In the Sahel and sub-Sahel regions of Africa, malaria transmission rates are particularly high during and immediately after the rainy season. Approximately 39 million children across Africa live in areas affected by seasonal malaria, and have little or limited immunity to malaria, making them most at risk.1 Since 2012, in the absence of a highly effective vaccine, the WHO has recommended seasonal malaria chemoprevention in eligible countries (countries that experience at least 60% of malaria cases during the rainy season, usually 3–5 months of the year). SMC is the administration of full antimalarial treatment courses to children aged 3 months to 5 years at regular intervals during periods of seasonal transmission to prevent malaria infection.
The SMC working group ‘SMC Alliance’ is formally endorsed by Roll Back Malaria’s Country/Regional Support Partner Committee with MMV as the host-organization and secretariat. It serves as an umbrella body between partners and countries interested in, and currently implementing, SMC. SMC Alliance, national malaria programme teams, and local healthcare workers have ensured continued delivery of SMC during the COVID-19 pandemic.
Dr André-Marie Tchouatieu discusses SMC and the global effort to eliminate malaria.
1. As SMC protects children from malaria and reduces hospitalization, it became an even more critical tool during the COVID-19 pandemic, yet there were also pandemic-related challenges. Can you talk us through the actions undertaken to address these challenges?
In response to the recent Ebola crisis, people began avoiding health facilities, refusing drugs and not receiving healthcare providers. SMC Alliance and partners anticipated these issues during the COVID-19 pandemic and, to mitigate them, provided additional funding for personal protective equipment for health workers as well as extensive training on social distancing.
In addition, SMC Alliance and countries that implement SMC quickly began reviewing their planning and included additional preparations for SMC. A tracker was developed to share information between partners to track drug deliveries, including weekly updates. As amodiaquine was being investigated as a COVID-19 therapy, drugs were also secured for SMC campaigns to help prevent stockouts.
2. What was the role of partnerships in making this happen?
Solidarity has been key. Partners shared information widely on drug procurement, quantities and ordering. At the country level, collaboration allowed for the exchange of stocks to benefit those in need. SMC Alliance was very important in offering a platform for collaboration between all stakeholders during the COVID-19 pandemic crisis.
3. How is SMC contributing to the global effort to eliminate malaria?
SMC reduces the incidence of clinical attacks and severe malaria by about 75% in clinical trials,2 and it can be deployed across a large population relatively easily. SMC, therefore, has a huge role in malaria control. Over a single season, we can see its effect in reducing the incidence, parasite prevalence and mortality. It is important to note that investment will continue to be key for the success of SMC. Governmental and private sector investment can have a huge impact on malaria elimination and is essential for efforts to continue.

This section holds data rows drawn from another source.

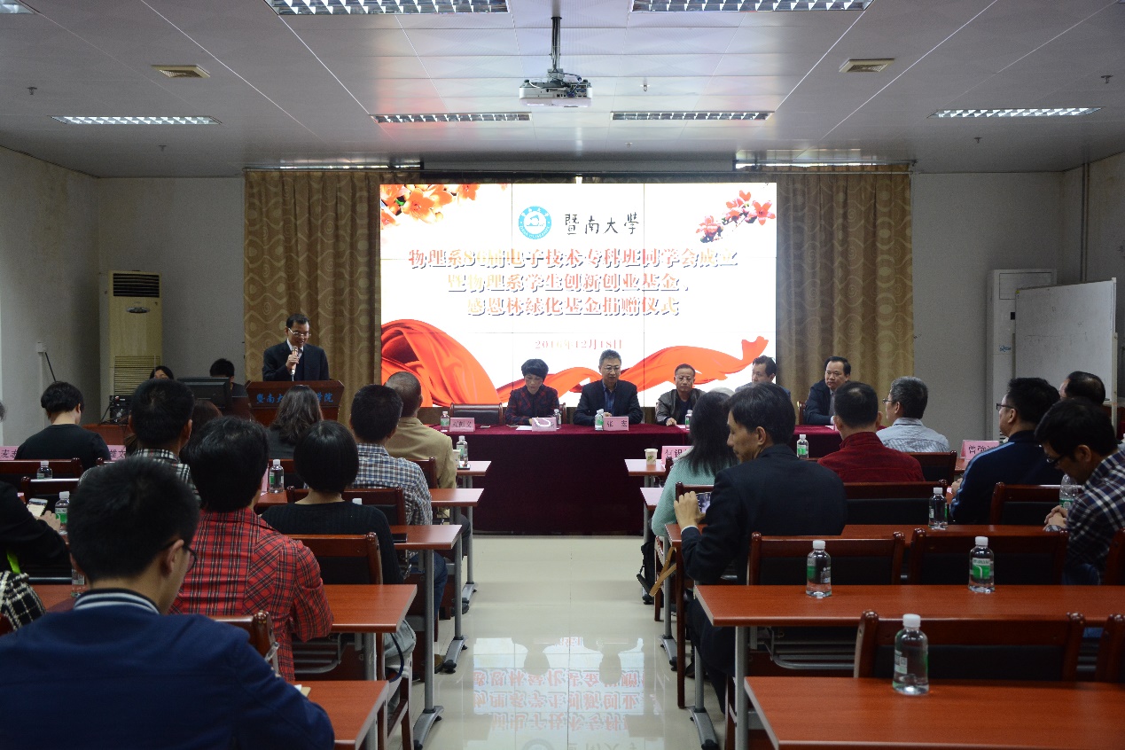 12月18日下午3:00,暨南大学007即时比分 物理系86届电子技术专科班同学会成立暨物理系学生创新创业基金、感恩林绿化基金捐赠仪式在007即时比分 103会议室隆重...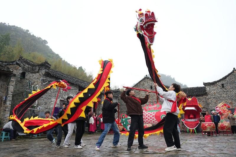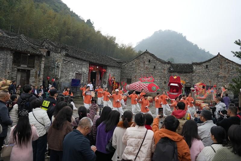上午9点08分,锣鼓铿锵、龙狮腾跃,“请龙出洞”民俗仪式正式拉开活动序幕。在随后进行的开耕仪式上,文龙环绕耕田,村民头戴斗笠、身穿蓑衣、驾驭牛犁,将龙文化与农耕文化有机融合。随后,草龙、文龙、板凳龙、醒狮、中国鼓、龙须草编秀等表演轮番上演。在欢快的长鼓舞、竹竿舞互动环节,观众与港澳台侨人士携手共舞,同根同源的文化温情在青山绿水间流淌交融,现场洋溢着喜庆热烈的节日氛围。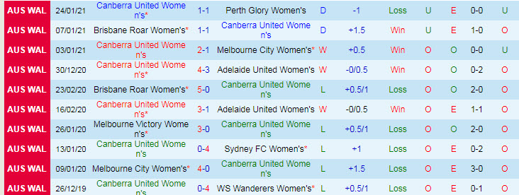 Chiều nay, Canberra (W) có trận đấu dễ dàng và nhiều khả năng chuỗi trận bất bại của thầy trò HLV V. Linton sẽ được nâng lên thành con số 5 trận liên tiếp. Dễ hiểu với nhận định trên khi đối thủ của họ chỉ là đội bóng đứng áp chót Sydney Wanderers (W).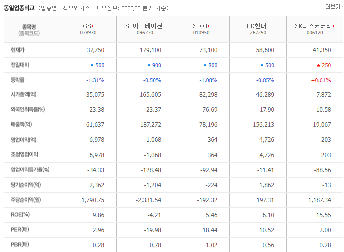 GS 현재 주가는 38,250원이며 전일 대비 -50원의 모습을 보이고 있습니다. GS의 주주현황을 살펴보면 허창수(외 56인)이 지분 52.83%를 소유하고 있습니다. GS는 석유 및 가스 기업으로 장중 기준으로 주가는 38,250원 입니다. 삼성전자의 시가 총액은 3조5076억 원이며 발행 주식수는 23.38주 입니다. 외국인 보유 비중은 77,070% 이며 장중 거래량은 92,915,378를 기록했습니다. 매출액은 130,002억 원, 영업이익은 50,051억 원을 달성했습니다. EPS는 12,452원이며 GS 주식 배당수익률은 0.95% 입니다.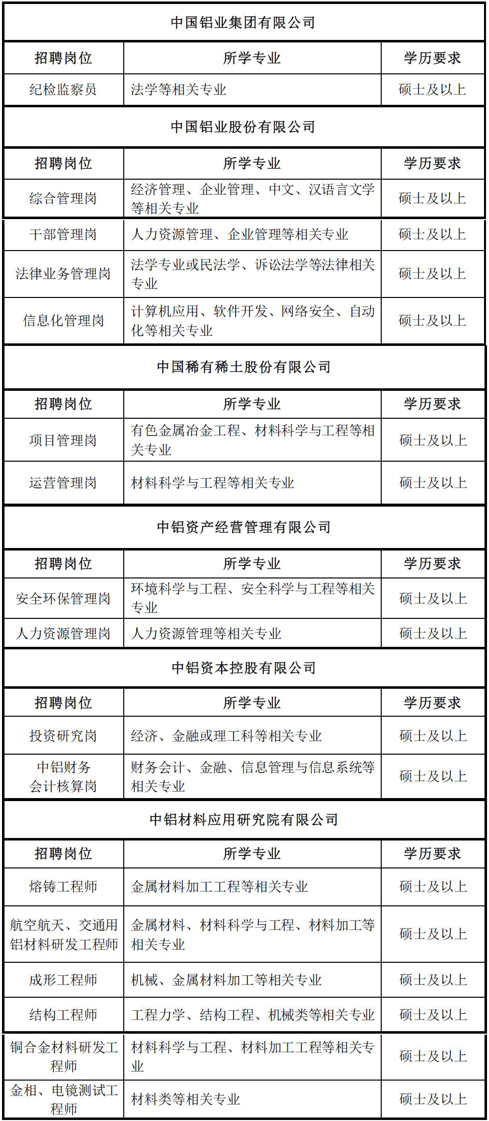 中国铝业集团有限公司2021年应届高校毕业生招聘公告

4. Why is MMV developing alternatives to SPAQ?
Drug resistance is a key concern. Today, some countries that could benefit from SMC do not implement it due to the presence of resistance to SP. In addition, it is important to anticipate the emergence of resistance in countries already implementing SMC. SMC is a very cost-effective intervention and would be of great benefit if deployed more widely. The challenge will be having new treatments that are as low cost as SPAQ.
1. Cairns M et al., Estimating the potential public health impact of seasonal malaria chemoprevention in African children. Nat Commun. 2012 Jun 6;3:881.